* DATA RECORDS

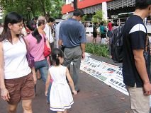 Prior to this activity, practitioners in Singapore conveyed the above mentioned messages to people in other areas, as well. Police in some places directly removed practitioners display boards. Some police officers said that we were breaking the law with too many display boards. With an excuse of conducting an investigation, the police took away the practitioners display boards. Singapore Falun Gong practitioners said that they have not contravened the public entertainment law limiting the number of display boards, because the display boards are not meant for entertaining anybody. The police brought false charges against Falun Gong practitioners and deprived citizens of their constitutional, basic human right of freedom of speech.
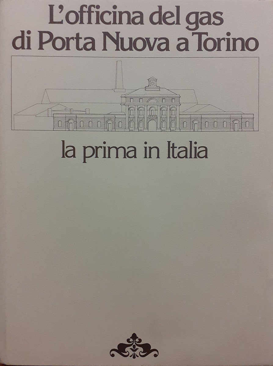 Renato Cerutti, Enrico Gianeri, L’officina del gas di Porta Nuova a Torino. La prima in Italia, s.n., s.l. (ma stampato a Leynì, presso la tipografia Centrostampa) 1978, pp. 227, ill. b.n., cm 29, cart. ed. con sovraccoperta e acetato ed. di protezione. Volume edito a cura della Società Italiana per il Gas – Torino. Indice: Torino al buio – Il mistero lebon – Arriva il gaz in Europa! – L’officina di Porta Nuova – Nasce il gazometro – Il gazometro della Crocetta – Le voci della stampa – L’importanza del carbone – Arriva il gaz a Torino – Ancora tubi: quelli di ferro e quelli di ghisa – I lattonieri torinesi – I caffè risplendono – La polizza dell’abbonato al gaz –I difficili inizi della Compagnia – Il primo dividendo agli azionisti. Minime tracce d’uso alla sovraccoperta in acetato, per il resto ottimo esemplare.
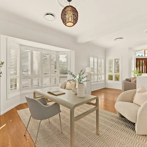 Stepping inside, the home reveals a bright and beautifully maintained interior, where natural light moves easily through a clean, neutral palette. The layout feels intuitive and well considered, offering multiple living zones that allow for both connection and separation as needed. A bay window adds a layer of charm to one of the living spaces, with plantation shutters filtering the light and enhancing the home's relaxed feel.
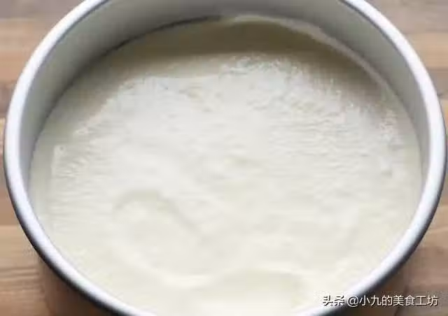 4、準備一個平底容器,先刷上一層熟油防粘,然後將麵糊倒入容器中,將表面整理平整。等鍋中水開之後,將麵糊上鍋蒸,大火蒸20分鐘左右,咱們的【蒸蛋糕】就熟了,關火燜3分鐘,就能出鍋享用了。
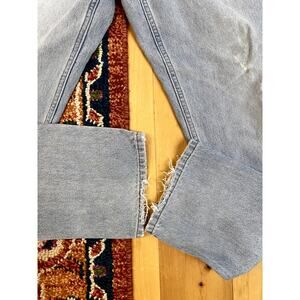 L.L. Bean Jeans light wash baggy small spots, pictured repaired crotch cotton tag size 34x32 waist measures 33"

==

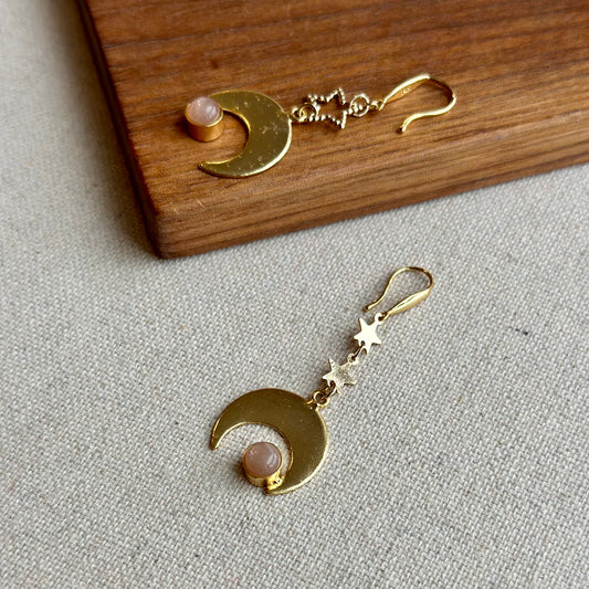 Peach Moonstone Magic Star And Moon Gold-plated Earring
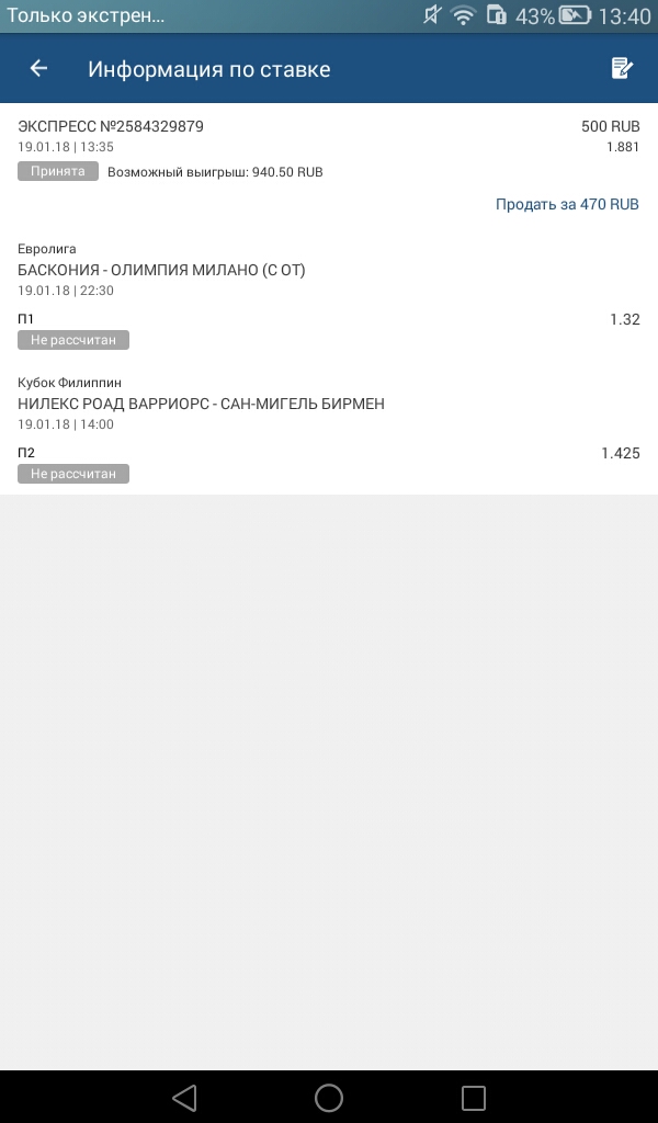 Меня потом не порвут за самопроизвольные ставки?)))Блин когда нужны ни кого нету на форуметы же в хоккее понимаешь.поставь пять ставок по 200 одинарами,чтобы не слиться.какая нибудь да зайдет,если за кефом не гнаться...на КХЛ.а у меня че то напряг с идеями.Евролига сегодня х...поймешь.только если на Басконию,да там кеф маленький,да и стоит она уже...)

* WORK ITEM
Above are some records; quote exactly and only the lines that begin at the line containing "Peach Moonstone Magic" and stop after the line containing "Меня потом не", leaving out the pictures.

* RESPONSE TO THE TASK
 Peach Moonstone Magic Star And Moon Gold-plated Earring
 Меня потом не порвут за самопроизвольные ставки?)))Блин когда нужны ни кого нету на форуметы же в хоккее понимаешь.поставь пять ставок по 200 одинарами,чтобы не слиться.какая нибудь да зайдет,если за кефом не гнаться...на КХЛ.а у меня че то напряг с идеями.Евролига сегодня х...поймешь.только если на Басконию,да там кеф маленький,да и стоит она уже...)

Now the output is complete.